I normally use Vsearch and a custom database consisting of the gene we have amplified and sequenced. I use “qiime vsearch cluster-features-open-reference” and representative sequences outputted from DADA2. This works perfectly.
Instead of using this custom database I tried the same procedure but instead of the extracted genes I have the entire genomes of the bacterial strains as database. I made sure that the extracted genes I normally look for are present in the new database. However, when running Vsearch it does not find the bacterial strains any longer (The clusters are identical but it outputs random names instead of the species names from the database). If I add a “> TEST” with just the amplified gene to the database it finds this one, so the procedure seems to work.
I am not really sure how to troubleshoot this. Anyone got an idea?
Hey Chloe. Thank you for the update. There is no need to spend too much time on - I kinda hoped there was something obvious I’d missed. I can just extract the alleles from the full genome database and use that. A bit time-consuming but it will provide the answers I need in this particular case, I think
cluster-features-open-reference has a “strand” parameter, which is set to “plus” by default (i.e., only searches alignments in the forward direction). This is often a cause of failed searches, if the reference is in the reverse orientation. Try setting this parameter to “both” and let us know what happens.
Hey @Nicholas_Bokulich ,
Thank you for the reply. I tried your suggestion and unfortunately it had no effect. Since I know just having the allele in the database works, while having the whole genome didn't, I decided to brute force my way through to find the problem by iterative removing bases from the 5' end of the full genome till it works. In the below, "test2" works, however, when there is a bit more 5' it does not work anymore.
I did not find the exact place (I could continue but it got tiresome), however, based on what I found it seems like VSEARCH stops working when the database entry gets too long (?). Let me know if the below images don't make sense.
Sounds like perhaps an issue with VSEARCH itself. Increasing reference length will of course impact the time and search results. You could adjust the max-accepts and max-rejects parameters as well.
Otherwise, I think that trimming the reference to the gene of interest may be the solution.
Yes… that is also what I fear.

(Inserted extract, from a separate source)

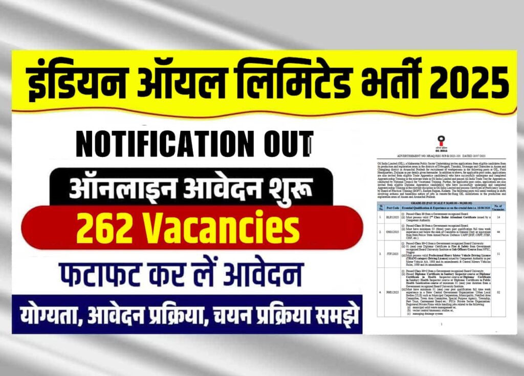 OIL India Workpersons Recruitment 2025: अगर आप भी 10वीं या 12वीं पास है औऱ इंडियन ऑय़ल लिमिटेड मे ग्रेड 3, 5 या 7 के तहत अलग वर्कपर्सनन्स के पदो पर नौकरी प्राप्त करके अपना करियर बनाना चाहते है Oil India Restricted (OIL) द्धारा 18 जुलाई, 2025 के दिन रिक्त कुल 262 पदों पर भर्ती विज्ञापन जारी करते हुए OIL India Workpersons Recruitment 2025 को जारी किया है जिसमे सभी आवेदक 18 जुलाई, 2025 से लेकर 18 अगस्त, 2025 तक अप्लाई कर सकते है।

Strange though - I thought it was pretty common to look for reference sequences among full genomes. Anyways, I will just extract the GOI and use that in a smaller database. Thank you all for you time!
Maybe not with VSEARCH (or at least not for OTU clustering as you are doing). VSEARCH performs an initial search via kmer matching prior to alignment, so including the full genome may skew the kmer profile too much.
My recommendation not only because it will fix your problem; also it will be faster and more efficient downstream!